Ring-fenced funding across government part of imminent 10-year plan
South Africa’s science department wants to ring-fence money for science and technology across other government departments, its director-general has revealed.
The suggestion will be part of the Department of Science and Innovation’s upcoming 10-year implementation plan of the country’s science and technology white paper from 2019.
The so-called “decadal” implementation plan will set out how South Africa plans to achieve the vision of its white paper—a strong science and innovation landscape that plays a role in reducing inequality and promotes economic redress in the country.
Work on the decadal plan started once the white paper was approved, but the Covid-19 pandemic and associated budgetary constraints on the DSI have hampered its finalisation.
The implementation plan will be given to cabinet for approval this month, DSI director-general Phil Mjwara told MPs on Parliament’s portfolio committee on higher education, science and technology on 9 March.
Mjwara said the “key fundamental recommendation” of the plan is to augment the national science budget by ring-fencing funding from 10 other government departments, provinces and municipalities. The plan proposes that such entities agree to spend specific amounts on science.
Under the proposal, science minister Blade Nzimande will meet 10 other ministers and “agree to what amount of funding they will earmark for science and innovation”, said Mjwara.

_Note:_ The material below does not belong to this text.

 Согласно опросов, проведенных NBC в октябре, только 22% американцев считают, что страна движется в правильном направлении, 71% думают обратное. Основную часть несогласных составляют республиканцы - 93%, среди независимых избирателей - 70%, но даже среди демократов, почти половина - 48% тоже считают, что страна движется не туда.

This will begin to address the issues of South Africa’s comparatively low R&D spend, he said.
The DSI budget took a drastic cut last year as government spending pivoted to tackling the Covid-19 pandemic. Last month it was restored to pre-pandemic levels for the 2021/22 financial year.

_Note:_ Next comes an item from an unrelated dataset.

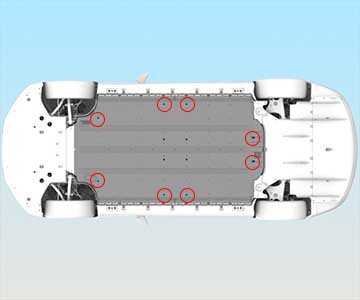 Loosely install new HV battery rocker bolts (x16) on both sides with a battery powered drill, and then torque the bolts.
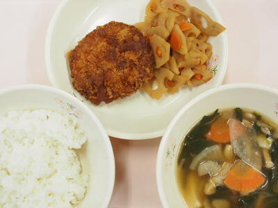 12月8日(月)ごはん せんべい汁 みそカツ きんぴられんこん 牛乳

However, the country’s R&D intensity—the proportion of its GDP spent on research and development across the economy—has declined to the lowest level since 2013/14, according to the latest national survey, also published last month. The White Paper recommits South Africa to spending 1.5 per cent of its GDP on R&D by 2029—in 2018/19 it only spent half that.
Mjwara added that the DSI would have “the right amount of money” to achieve its goals within two to three years if enough funds are obtained from other government sources. “Our view is that we have to be innovative around the budget we have. It is a reasonable budget, but is it enough? Definitely no,” he said.

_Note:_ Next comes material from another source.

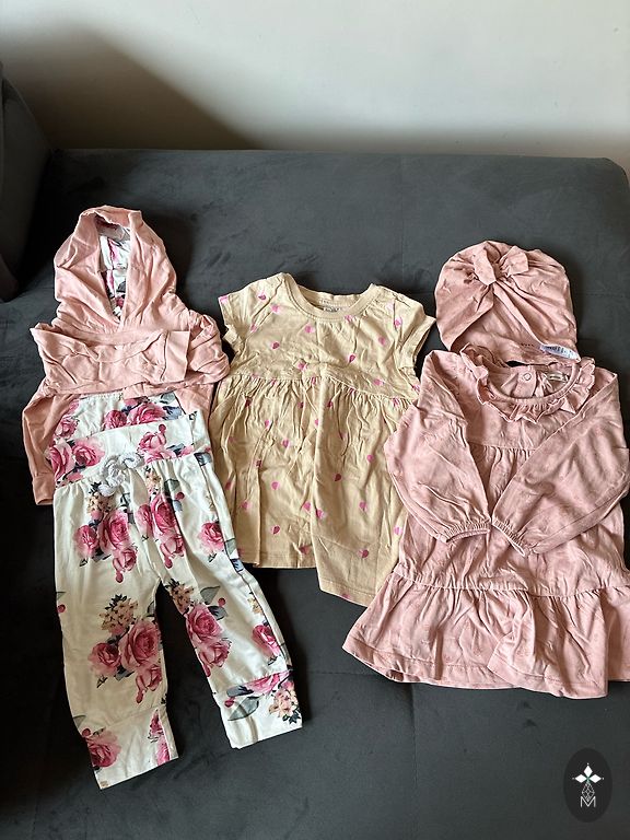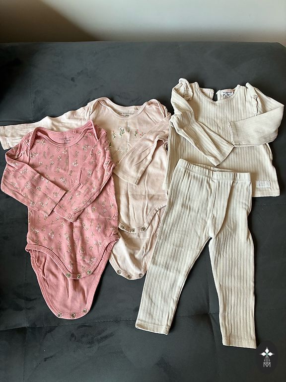 Dažādi zīmoli - Wufkids bodijs, Wooly organic zīda/merino vilnas bodijs, bikses un cepurīte. Lindex džemperis ar banti. Viss ir lietots, mazgāts vairākkārtīgi, bet defektu nav. Par čupiņu 11 EUR

Mjwara said the decadal plan will indicate how much money should come from government, business, and international sources to increase national spending on research and development.
MPs from all parties lined up to praise the DSI’s work, more than one calling it the best-run department in government.
Annelie Lotriet, from the Democratic Alliance, said that the party is worried about R&D spending and the uptake of the R&D tax incentive, which is meant to stimulate research by business. “Given the budget cuts and the latest R&D survey this doesn’t augur well for the increased R&D we are going to need,” she said.
Nompendulo Mkhatshwa, from the African National Congress, said the decadal plan has been an area of concern for the committee “for a long time” and that she hoped it will be finalised as soon as possible. MPs on the committee had previously urged the DSI to speed up finalisation of the plan.